What’s cookin’ on Australia Day?

What’s on your Australia Day menu? Kanga burgers?
Kanga burger

Kanga burger

Hot Smoked Lemon Myrtle Crocodile?  Barramundi with Green Ants?  Wattleseed pavlova? Just kidding. But it’s odd, isn’t it, how we still shy away from using native Australian ingredients in our cuisine. Here we live on a continent which offers up to 4,000 different varieties of edible bush foods, yet how many of them do we use in our actual cooking? Kangaroo meat is one; barramundi another; the quandong a third.
quandongs

Quandongs

You could stretch it to 40 or 50 if you include yabbies and some seafoods. But really, who among us has tasted a Davidson Plum or a lillipilli or a red monkey nut?  We’ve all heard of witchetty grubs, but how many of us have eaten them. What about the cheeky yam, emus, pigweed and wild rice? And despite all the current talk about foraging, which of our leading chefs are making use of these foods?
Macadamias

Macadamias

Not only has Australia, in contrast to other continents, contributed almost no edible crops to the world food supply – one exception being the macadamia nut (and it took the Americans to grow it commercially) – but Australian immigrants have not incorporated anything native into their diets, unlike the American settlers who have at least embraced pumpkin, corn and cranberries from the native diet into their 21st century diets.

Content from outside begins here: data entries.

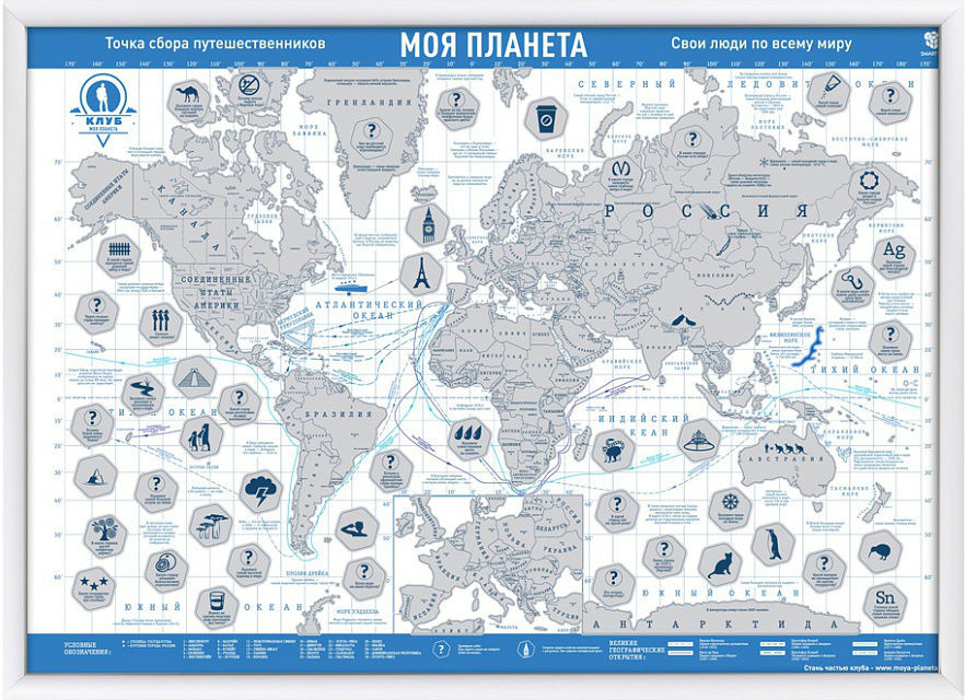💳 Оплатить за товар можно при получении 🇰🇿 Есть бесплатная доставка по Казахстану от 1 дня 🎁 Копите бонусы с каждой покупки Специальное издание популярной скретч-карты мира. Карта и тубус оформлены в узнаваемом стиле клуба и телеканала «Моя Планета». Скретч-карта содержит массу интересных вопросов и ответов в виде интерактивной викторины. Вся информация для скретч-карты Мира подготовлена клубом «Моя Планета», что делает карту такой-же интересной и как и полюбившиеся передачи на любимом теле-канале. Карта Мира покрыта серебряной, стирающейся скретч-краской в стильном, цилиндрическом тубусе, с металлическими крышками, окрашенными в цвет тубуса. Стирая серебряную краску с территории посещенной страны, Вы делаете ее цветной и заодно открываете много новых и интересных фактов. Скретч-карта «Моя Планета» долгожданный подарок для всех тех, кто не стоит на месте! |
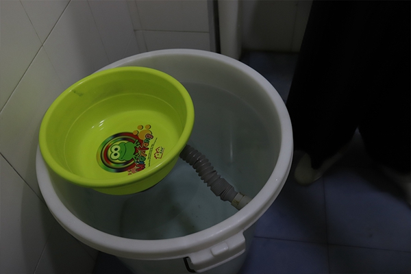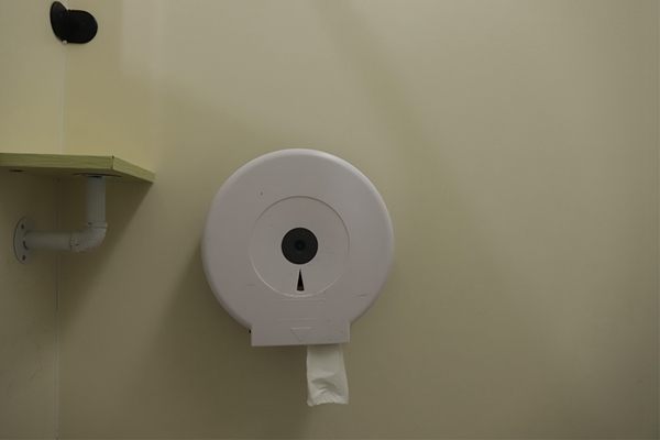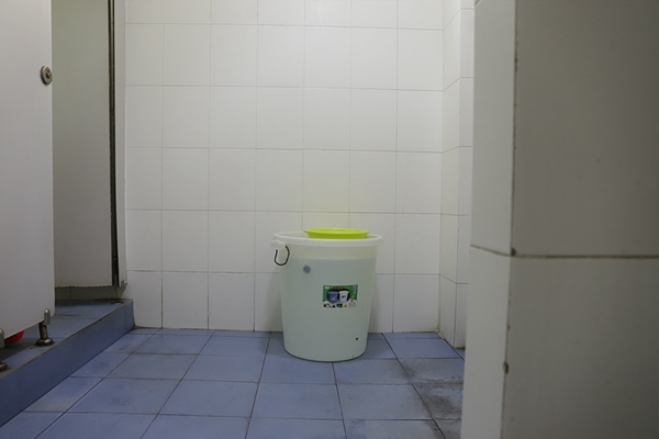 厕内有纸巾盒但是闲置,冲水装置破损。
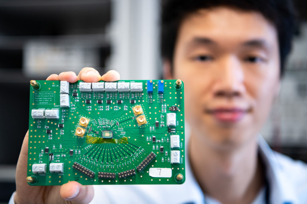 2019年11月1日,研究人員陳知行在模擬與混合信號超大規(guī)模集成電路國家重點(diǎn)實(shí)驗(yàn)室(澳門大學(xué))展示自主設(shè)計(jì)的模擬數(shù)字轉(zhuǎn)換器芯片。

We’ve been busily patting our back over the past decade or so for our acceptance and adaptations of different cuisines (Vietnamese, Thai, Brazilian, Chinese, Italian, Argentinian) while continuing to ignore what is all around us – and which, quite literally, often stares us in the face. Over the past 220 years, we’ve not embraced a single aspect of Aboriginal cuisine,  yet we dare to talk about a developing Australian cuisine. Absurd, isn’t it?